We've done this by having the most open economy, bar none. People are encouraged to find their own path to success. But, for those who don't find good jobs or are laid off due to the winds of change, America does not provide nearly as much support as Western European countries.

So even during prosperity, many people are just scraping by. In the 1990s, the availability of public assistance was curtailed as people demanded greater personal responsibility from those getting help with basic necessities. And obviously, more people experience difficulties since the onset of the severe recession brought on by the popping of the housing bubble and the crazy actions of the financial sector: unemployment is high; long-term unemployment is very high by American standards; and many people have lost their homes while others in the foreclosure process.

Crises like this were very common in America from 1850 to 1950. This crisis feels so bad because the period from 1945 to 2007 had mainly short and shallow recessions. While this downturn is longer and deeper, it is not 1929. If history is any guide, we should expect a rebound and it is incumbent on those arguing otherwise to prove what's different now.

Many authors tell us that the American middle class has been left behind over the past 30 years (which Robert Kuttner calls "a silent depression"). This is overly pessimistic. At the same time many people think that capitalism is self-correcting and call for limited government and few if any regulations.
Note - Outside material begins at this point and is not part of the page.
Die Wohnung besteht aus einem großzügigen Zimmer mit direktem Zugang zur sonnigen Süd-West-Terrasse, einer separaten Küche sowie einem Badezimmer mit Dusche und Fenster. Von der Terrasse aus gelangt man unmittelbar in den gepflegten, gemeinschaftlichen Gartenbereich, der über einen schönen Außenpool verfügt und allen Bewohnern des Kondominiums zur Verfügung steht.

My book carefully refutes both of these extreme positions. I describe the financial crisis as one of "brilliant idiocy" caused by the collective mistakes of many actors: e.g., mortgage brokers who convinced people to take totally inappropriate loans, mortgage originators who loosened their lending rules, credit-rating agencies that issued AAA ratings on questionable instruments, institutional purchasers who bought bonds without knowing their true risks, regulators who saw no problems, and financial leaders who orchestrated a system that generated tremendous rewards for themselves. Everyone was confident that they were pursuing a rational path and underestimated the downside risks.

Even though I do think that people learn from their mistakes and that few institutional buyers are going to purchase bonds of such poor quality in the future, I propose ten principles for new financial regulations. This is needed because finance is fundamentally different from any other industry in three ways: it deals primarily with other people's money, it deals with valuations based on future worth with lots of uncertainty and wild swings, and it is at the center of the crucial process of allocating capital to firms, governments, and individuals.

Over the last several years, I have been at the center of a debate on the state of the middle class. In my book, I refute many of the common dire claims on income inequality (rising but not as much as often claimed), shrinking middle class (because more people have moved up), quality of jobs, the effects of international trade and rise of China and India, personal debt, savings, and the availability of health insurance.

As several people who have read my book have noted, I say things that will annoy both liberals and conservatives. My real message is that while this downturn has hurt many people, perhaps permanently, our economy is robust and we have the resources to find ways to help those people and the responsibility to regulate the financial markets.

Because the pessimists think that our social problems are much greater, they call for a "new New Deal" based on an expanded public sector. This position is doomed to fail because middle class Americans view their situation much more positively and because of the unique American wariness towards "big government."